У Принса всегда было четкое представление о том, к чему он стремится и какие именно шаги приведут его к цели. Он уже мог в одиночку сочинять, играть и записывать целые альбомы; затем он начал получать огромное удовольствие от собственной славы, играя со своим сценическим образом так, будто это был какой-то новый тип синтезатора. Этот постмодернистский Принс не желал довольствоваться крупицами успеха – он хотел, чтобы на него капали слюной все без исключения; он хотел и на обложку Rolling Stone, и в спецвыпуск журнала Jet.
6
Впервые посмотрев фильм «Purple Rain» в 1984 году, я подумал: просто катастрофа, эта картина его потопит. Я, конечно, был неправ на все сто. Это был классический случай, когда публика сошла с ума от того, о чем даже и подумать не могла, пока не увидела прямо перед собой. «Purple Rain» имел огромный успех, порадовав боссов Принса из Warner Brothers и значительно облегчив ему заключение будущих контрактов. На символическом уровне «Purple Rain» был черным переосмыслением извечных клише белого кинематографа. В унылый сценарий были вплетены всевозможные детали из собственного прошлого Принса: его киномать играла гречанка Ольга Карлатос, что нагоняло еще больше тумана в вопрос о неопределенной расовой принадлежности Принса. (Будто бы мы восемнадцать лет спустя услышали странное, вывернутое наизнанку эхо строк Пита Таунсенда из песни «Substitute»: «С виду я белый, но мой отец был черным».)

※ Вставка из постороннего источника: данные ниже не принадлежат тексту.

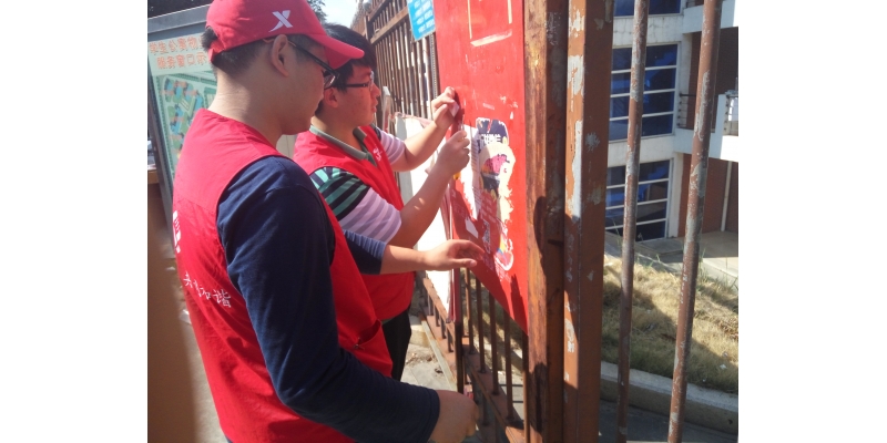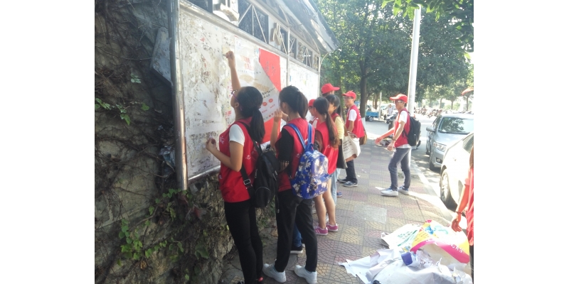 中午12点30分,十二个学院的志愿者于三餐门口集合,穿戴好志愿者服装,由各院负责人分配好清洗工具,志愿者或拿着抹布或带着小刀,由校青的两位负责人带队将志愿者们分成两队以三餐为起点沿校道分头行动。同时,各学院以学院所在的教学楼为中心进行打扫及清理。志愿者们开始的时候,不敢放开地做,生怕会把一些有用的材料给撕了。慢慢地在负责人的指导下,大家也就清楚了该怎么做,能把校道两边的宣传栏电线杆甚至是地面上的一些没必要出现广告清除得干干净净。能用手撕的用手撕,由于部分海报比较不好撕,同学们都用手中的小刀将其清除;校道边上也还有许多的条幅需要清除,志愿者们更是做足了准备,带了剪刀和钳子,解决一些绑条幅的绳子和铁线。中午的太阳还是比较大的,天气炎热,但志愿者还是坚持认真完成分配的任务。

Трек «Let’s Go Crazy» из «Purple Rain», как, собственно, и сам фильм, представляет собой задорное воспевание давно знакомых клише: «Не слушайте вы этих тупых цивилов! Они просто завидуют нам, крутым ребятам!» Здесь все кроется в радужном звучании музыки. Голос Принса не укладывается четко в рамки ни чистого соула, ни рок-н-ролла. Это элегантный гибрид, в котором притягиваются цепкие противоположности: акустическая гитара и классические струнные в песне «Take Me with U»; дрожащий церковный орган и новейшая драм-машина в «Let’s Go Crazy». В «The Beautiful Ones» Принс вступает сонным крунингом, но к концу песни его вокал превращается в мешанину зазубренных осколков на грани чистого шума. Мы все слышали эпичный заглавный трек так много раз, что легко не заметить, насколько он на самом деле необычен. Небрежные вступительные аккорды и длинное заунывное гитарное соло ближе к концу ненавязчиво вызывают призрак еще одного эпичного произведения черной психоделии: «Maggot Brain» группы Funkadelic. И вместо того, чтобы завершиться пронзительной кульминацией, как заканчиваются 99 процентов рок-баллад, «Purple Rain» медленно перетекает в почти две минуты меланхоличной фуги, пока от музыки не остаются только изящные струнные и нефильтрованный эмбиентный шум. (Возможно, именно подкорковая память о подобных деталях и предрасполагает некоторых из нас считать работы Принса после 1989 года несколько посредственными.)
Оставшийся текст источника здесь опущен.